WORK INSTRUCTION:
What are the lines from the top of the entries below through the line containing "Общая площадь квартиры"? Return them exactly, both ends included, without the pictures.

_ _ _

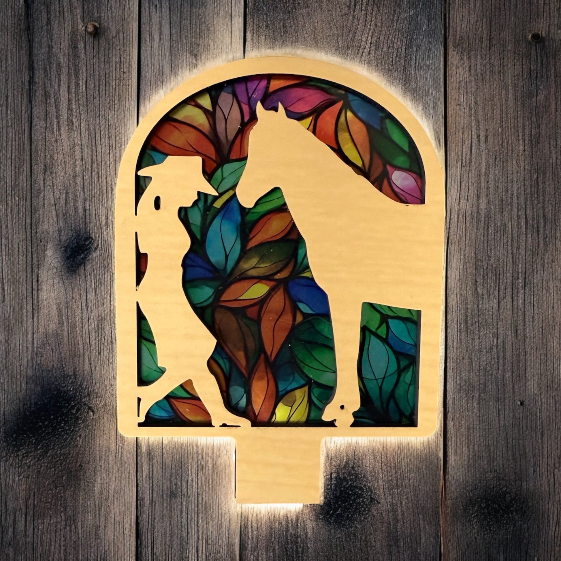 Bring the spirit of the wild west into your home with our Cowgirl & Horse Nightlight. This beautifully crafted design captures the unbreakable bond between a cowgirl and her horse, set against a stunning stained glass-style background. Whether you’re a passionate rider, a country soul, or simply love western-inspired décor, this nightlight adds warmth and charm to any space.
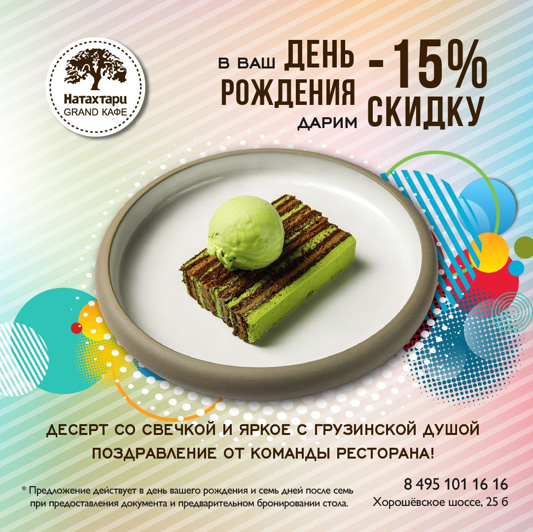 В Ваш самый главный праздник дарим скидку -15% и десерт со свечкой, а также зажигательное поздравление от команды ресторана «Натахтари»
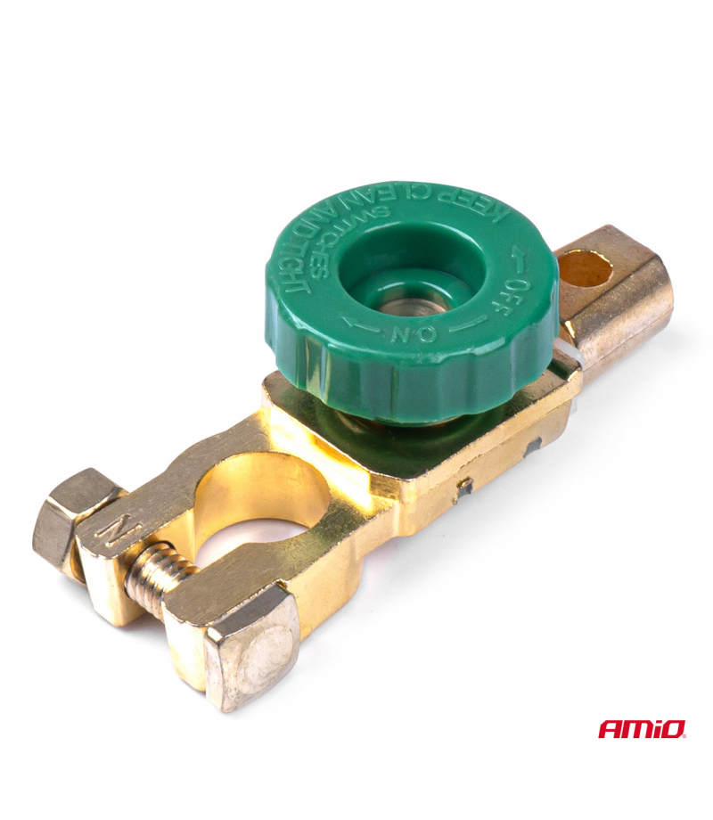 Przeznaczony do odłączenia prądu z akumulatora. Wystarczy jeden obrót plastikowym pokrętłem, a zniwelujemy pobór prądu, co z kolei zabezpieczy baterie przed rozładowaniem.
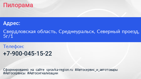 Пилорама по адресу Свердловская область, Среднеуральск, Северный проезд, 5г/1 в дальнейшем Организация, размещена в следующих категориях:
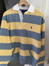 Polo Ralph Lauren Herren Rugby Shirt Gr. M Blau Lila Gestreift Langarm Baumwolle Kragen verdeckte Knopfleiste. Der genaue Zustand ist auf den Fotos gut zu erkennen. ♻Wichtig: Da es sich um gebrauchte Kleidung handelt, können trotz sorgfältiger Prüfung leichte Mängel oder Gebrauchsspuren vorhanden sein.
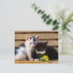 Mande este cartão de flor de gatinhos para o amante de gatos na sua vida. Apresenta uma foto de dois gatinhos bonitos com uma flor amarela em um banco de madeira rústico. Fotografia criada pela fotógrafa Maria Jeffs, prêmio vencedora.
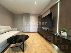 Общая площадь квартиры 55,7 м2: гостиная 14,7 м2, спальня 18 м2 + гардеробная 4 м2, кухня 7 м2, санузел раздельный, застекленный балкон из зала.
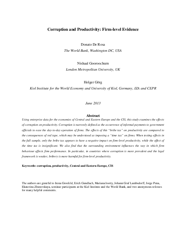 Using enterprise data for the economies of Central and Eastern Europe and the CIS, this study examines the effects of corruption on productivity. Corruption is narrowly defined as the occurrence of informal payments to government officials to ease the day-to-day operation of firms. The effects of this “bribe tax” on productivity are compared to the consequences of red tape, which may be understood as imposing a “time tax” on firms. When testing effects in the full sample, only the bribe tax appears to have a negative impact on firm-level productivity, while the effect of the time tax is insignificant. We also find that the surrounding environment influences the way in which firm behaviour affects firm performance. In particular, in countries where corruption is more prevalent and the legal framework is weaker, bribery is more harmful for firm-level productivity.
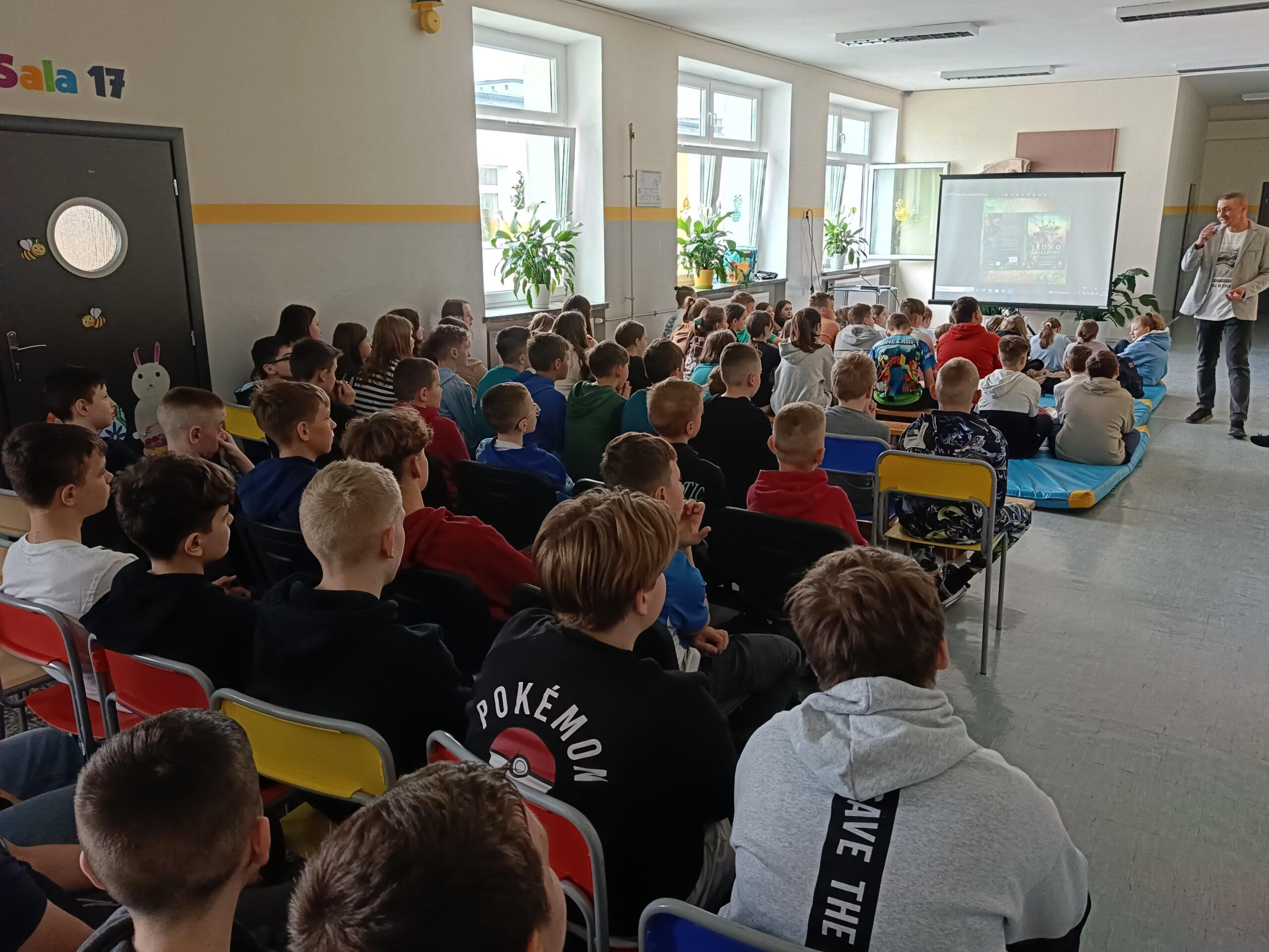 Uczniowie klas 4-7 mieli niezwykłą okazję spotkać się z pisarzem fantastyki, panem Maciejem Wasilewski z Iłży.
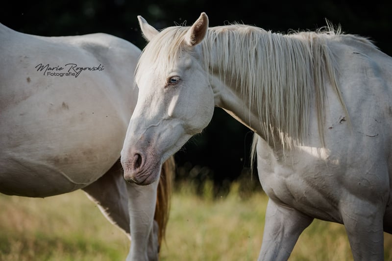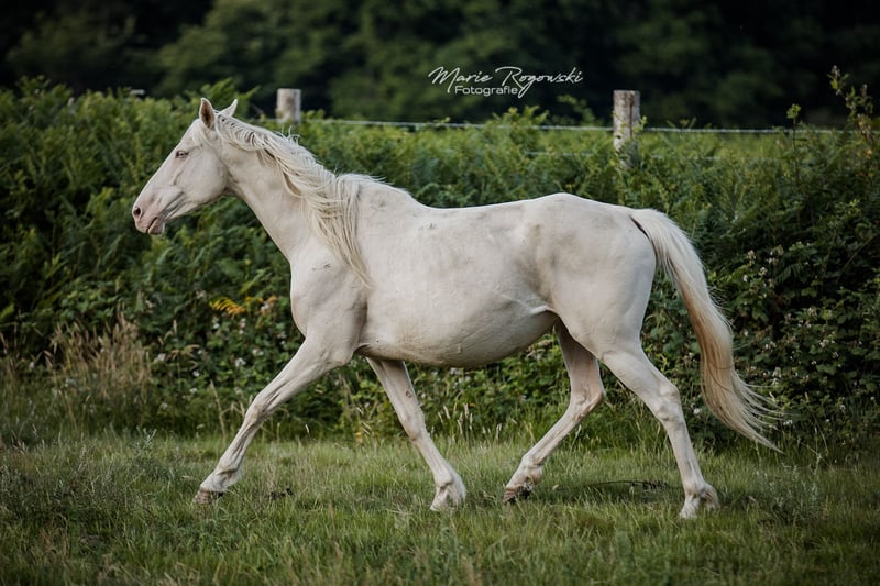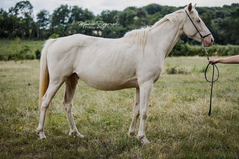 Englisches Vollblut | Cremello (e/e Cr/Cr) | geb. 2016 | 153 cm Diese farblich außergewöhnliche Vollblutstute stammt aus einer gezielt selektierten Farbzuchtlinie. Ihr Vater Glitter of Gold und ihre Mutter Dressed in Gold gehören zu einer seltenen Blutlinie im Vollblutbereich, in der das doppelte Cream-Gen (Cremello) gezielt erhalten wurde. DRESSED IN CREAM xx ist reinerbig für das Aufhellungsgen und damit genetisch besonders interessant für Zuchtprogramme mit Fokus auf Farbe, Edelblut und sportlichem Typ. Sie bietet eine seltene Kombination aus klassischer Vollblutqualität und moderner Genetik. Die Stute ist derzeit nicht geritten und lebt im Offenstall in einer gemischten Herdenhaltung.
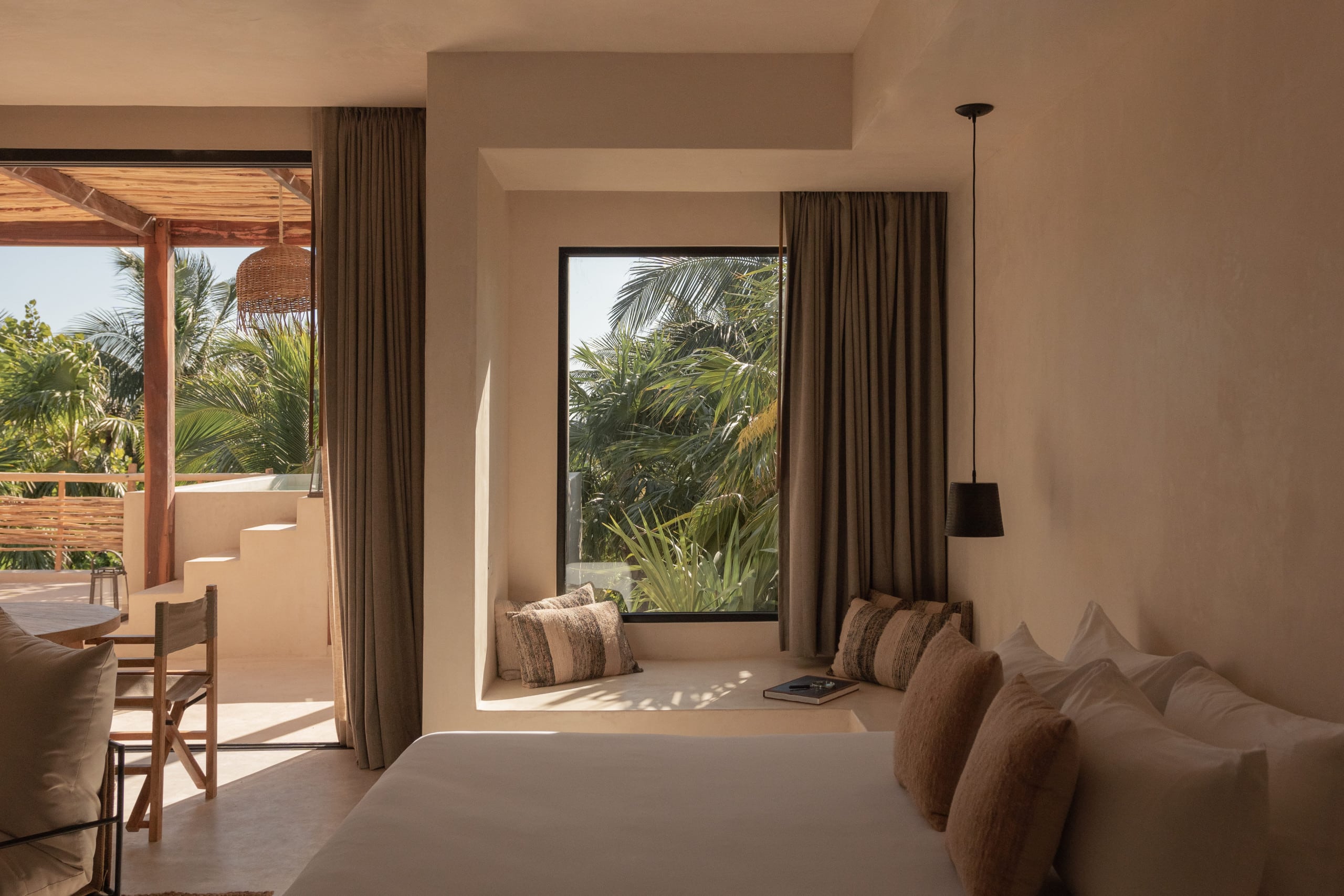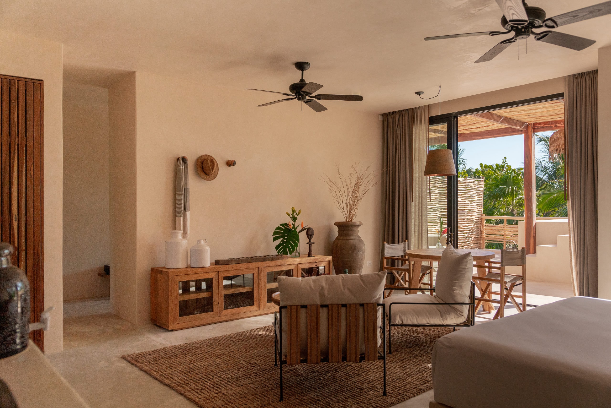 This Oceanview Penthouse is a luxurious suite for two in the heart of Tulum’s hotel zone. It features a private plunge pool, an artisan bathtub, and a reading daybed with stunning ocean and jungle views. Decorated in tropical style, it offers high-end comforts like a double-sink bathroom, open shower, and chukum bathtub. The suite includes a private terrace, small kitchen, king-size bed, Bluetooth speakers, and widescreen TV. Guests also enjoy exclusive access to a white-sand beach and are steps away from Tulum’s vibrant dining and nightlife scene.
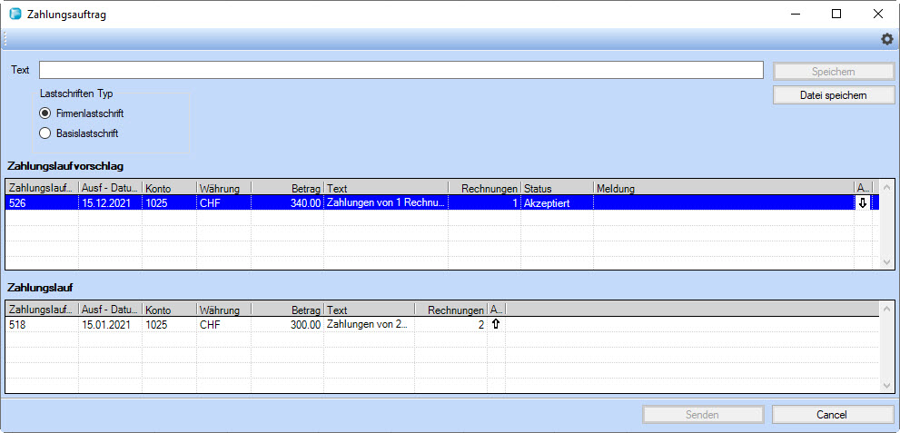 aktuellen Zahlungsauftrag, während in der unteren Liste sämtliche derzeit offenen Zahlungsläufe aufgelistet werden.

_ _ _

OUTPUT FOR THIS EXERCISE:
 Bring the spirit of the wild west into your home with our Cowgirl & Horse Nightlight. This beautifully crafted design captures the unbreakable bond between a cowgirl and her horse, set against a stunning stained glass-style background. Whether you’re a passionate rider, a country soul, or simply love western-inspired décor, this nightlight adds warmth and charm to any space.
 В Ваш самый главный праздник дарим скидку -15% и десерт со свечкой, а также зажигательное поздравление от команды ресторана «Натахтари»
 Przeznaczony do odłączenia prądu z akumulatora. Wystarczy jeden obrót plastikowym pokrętłem, a zniwelujemy pobór prądu, co z kolei zabezpieczy baterie przed rozładowaniem.
 Пилорама по адресу Свердловская область, Среднеуральск, Северный проезд, 5г/1 в дальнейшем Организация, размещена в следующих категориях:
 Polo Ralph Lauren Herren Rugby Shirt Gr. M Blau Lila Gestreift Langarm Baumwolle Kragen verdeckte Knopfleiste. Der genaue Zustand ist auf den Fotos gut zu erkennen. ♻Wichtig: Da es sich um gebrauchte Kleidung handelt, können trotz sorgfältiger Prüfung leichte Mängel oder Gebrauchsspuren vorhanden sein.
 Mande este cartão de flor de gatinhos para o amante de gatos na sua vida. Apresenta uma foto de dois gatinhos bonitos com uma flor amarela em um banco de madeira rústico. Fotografia criada pela fotógrafa Maria Jeffs, prêmio vencedora.
 Общая площадь квартиры 55,7 м2: гостиная 14,7 м2, спальня 18 м2 + гардеробная 4 м2, кухня 7 м2, санузел раздельный, застекленный балкон из зала.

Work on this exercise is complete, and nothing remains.